I'm just saying, PATIENCE is the key to figuring out what to do with a failed batch. You never know who's going to come up with a solution. This is the closest I've ever come to throwing a batch out. It doesn't hurt to wait and see. I never know what's going to rise to the surface... and I love surprises. Hate wasting stuff though.

*@DeeAnna:* Thank you for a very informative and interesting discussion.


----------



## Zany_in_CO (Jun 7, 2020)

Deborah Long said:


> I obviously was not comfortable not using a preservative.  I've read both sides but would rather err on the side of caution.


This is the reason most people use to rationalize using a preservative.

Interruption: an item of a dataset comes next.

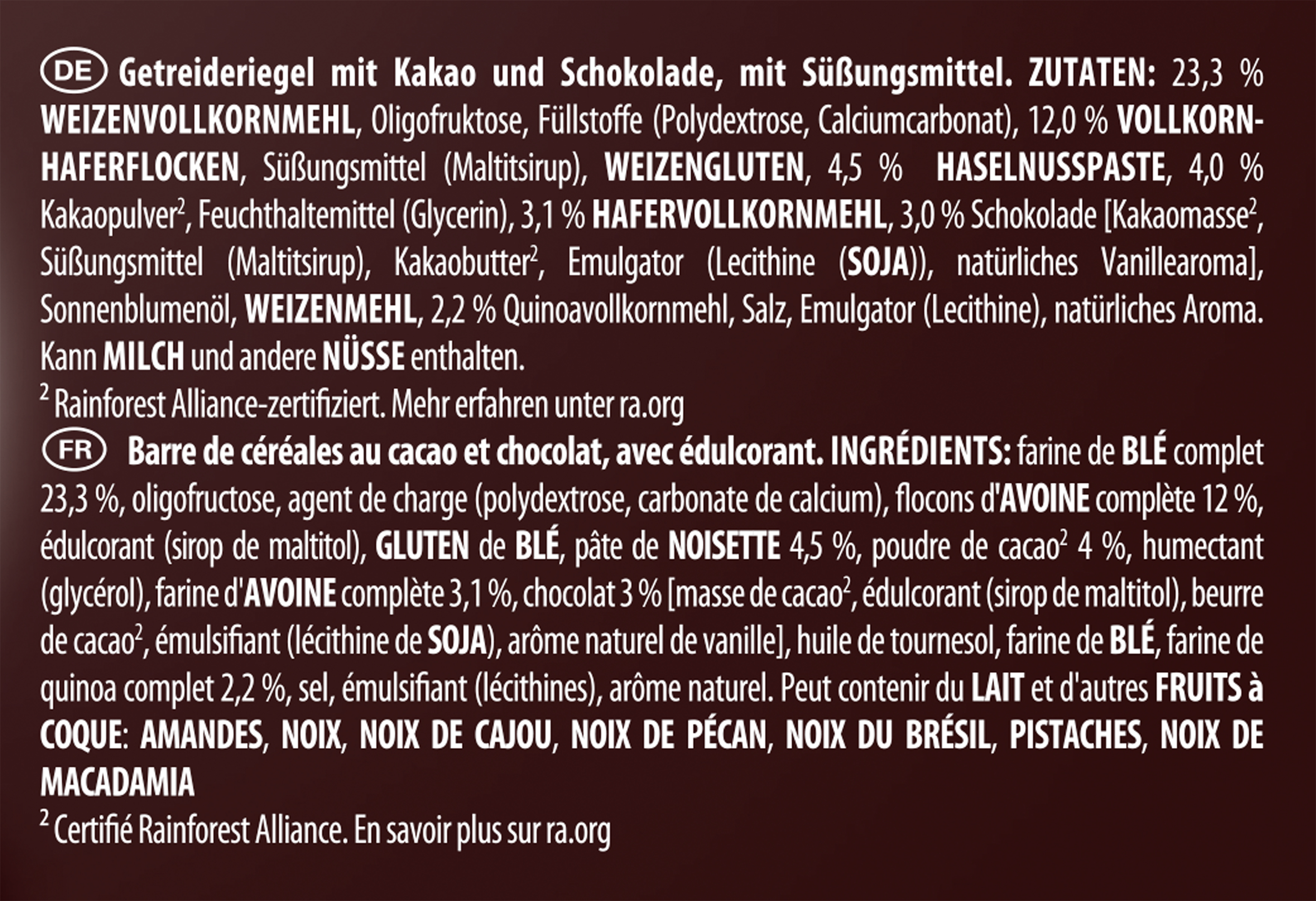 | Ingredient List | Zutaten: 23,3% WEIZENVOLLKORNMEHL, Oligofruktose, Füllstoffe (Polydextrose, Calciumcarbonat), 12,0% VOLLKORNHAFERFLOCKEN, Süßungsmittel (Maltitsirup), WEIZENGLUTEN, 4,5% HASELNUSSPASTE, 4,0% Kakaopulver*, Feuchthaltemittel (Glycerin), 3,1% HAFERVOLLKORNMEHL, 3,0% Schokolade [Kakaomasse*, Süßungsmittel (Maltitsirup), Kakaobutter*, Emulgator (Lecithine (SOJA)), natürliches Vanillearoma], Sonnenblumenöl, WEIZENMEHL, 2,2% Quinoavollkornmehl, Salz, Emulgator (Lecithine), natürliches Aroma. Kann MILCH und NÜSSE enthalten. *Rainforest Alliance-zertifiziert. |

There are downsides, especially for those who aren't used to using them and don't understand how specific they are to various bath & body products. That's where "caution" needs to be applied. Case in point, this thread. 

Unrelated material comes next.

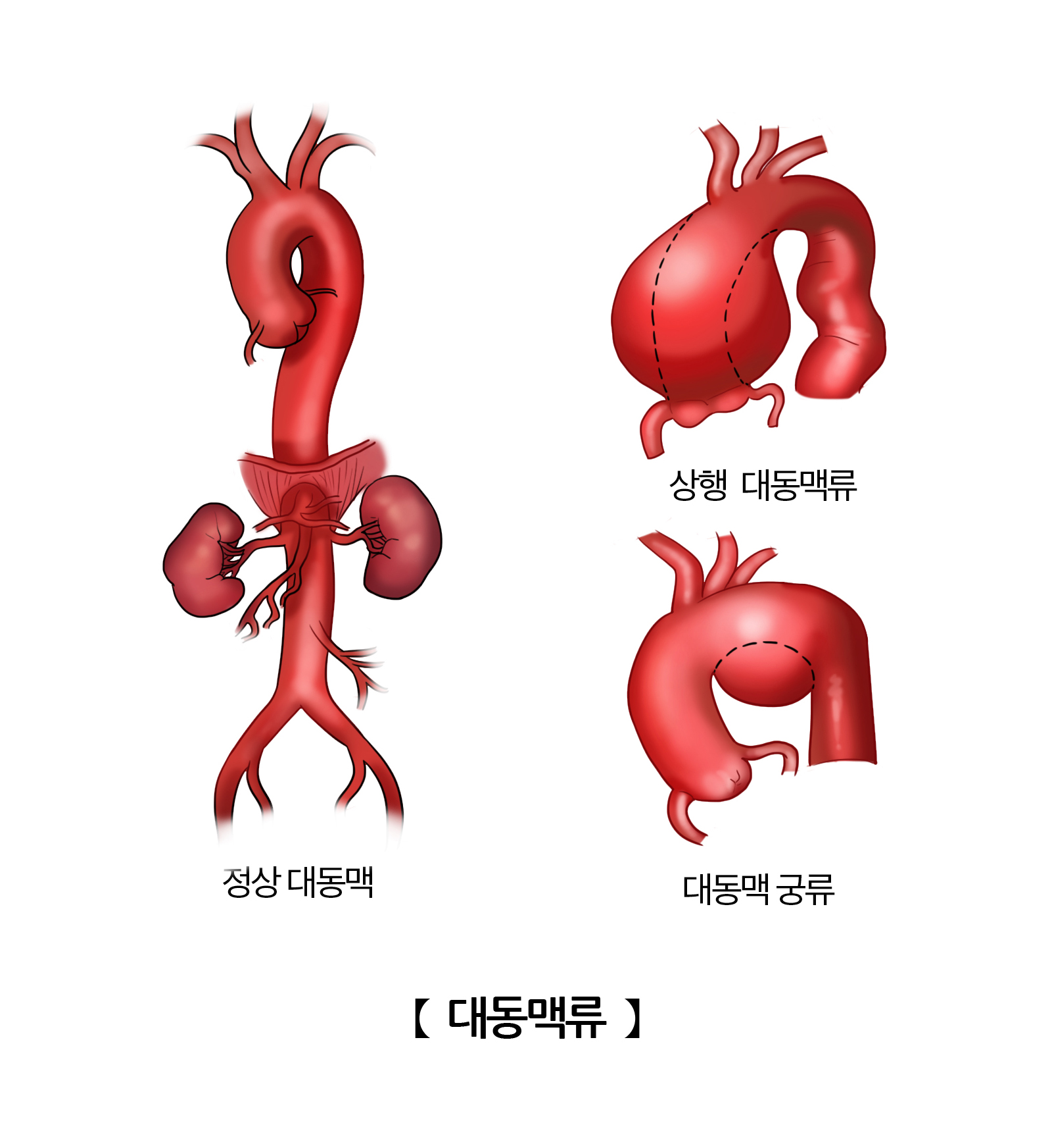동맥류는 동맥의 어느 부위가 국소적으로 늘어난 질환입니다. 동맥벽의 약화가 변화를 유발하는데, 대부분의 경우 노화와 관계되며 동맥경화증과 밀접한 관계를 갖고 있습니다. 대동맥류는 주로 복부대동맥에 발생하는데, 복부대동맥은 배 뒤편의 후복강이라는 비교적 넓은 공간에 위치하여 동맥류가 어른 주먹만큼 커질 때까지도 특별한 증상이 없는 경우가 많습니다. 흔히 이 질환을 풍선을 부는 것으로 비유하곤 하는데, 어느 순간이 지나면 터져 버리기 때문입니다. 물이 흐르는 수도관이 터지면 물바다가 되듯이 복부대동맥에 생긴 동맥류가 터지면 배 안은 피바다가 되어 사망에까지 이를 수 있습니다.

I agree with DeeAnna. No one is ever going to win the debate about using preservatives in LS. I'm fine with each to his own preference.


----------



## Deborah Long (Jun 7, 2020)

Zany_in_CO said:


> the foamer turned out to be an excellent carpet stain remover!



Ahhh - I never ever thought about doing that!  Zany - you're sooo smart!  (and I'm too impatient, I know....)


----------



## Malleebird (Jun 7, 2020)

This discussion has been SO interesting....for she who's yet to make her first batch of LS                  Thank you....


----------



## Deborah Long (Jun 7, 2020)

@Malleebird - This was TOTALLY my first batch ever!  lol


----------



## Malleebird (Jun 7, 2020)

DeeAnna said:


> In the interests of ensuring other people aren't misinformed, the numbers are 0.1 - *0.5*%. That's 1 to 5 grams of Liquid Germall Plus per 1000 grams of finished product.
> 
> I recommend the upper amount of 0.5% for hobby/home crafters who aren't able to do formal challenge testing.


Thanks DeeAnna for this information too....my first bottle of LGP has just arrived in the post !!


----------



## Deborah Long (Jun 7, 2020)

@Malleebird - Please don't make *my* mistake and forget the 0.1!  lol


----------



## Zany_in_CO (Jun 7, 2020)

Malleebird said:


> Thanks DeeAnna for this information too....my first bottle of LGP has just arrived in the post !!


Oh nuts! I was hoping I wouldn't have to go there. But just for the sake of all reading this,_"Fully saponified soap requires no preservative,"_ Catherine Failor, Author,* Making Natural Liquid Soaps.*
If you think about it, hard bars don't require a preservative and they come into contact with water every time you use them and sit in water while drying out after use. The same is true with liquid soap. If fully saponified, it requires no preservative.

I started making LS in 2004. In all these years there's never been a problem. One of the members of the Liquid Soap Makers Group has a manufacturing plant in Indonesia. He and his partner do not add preservative. Dr Bronner's LS has been around since the 60's. No preservative. Vermont Country Store and other commercial, all-natural liquid soap, on the market, do not use preservatives.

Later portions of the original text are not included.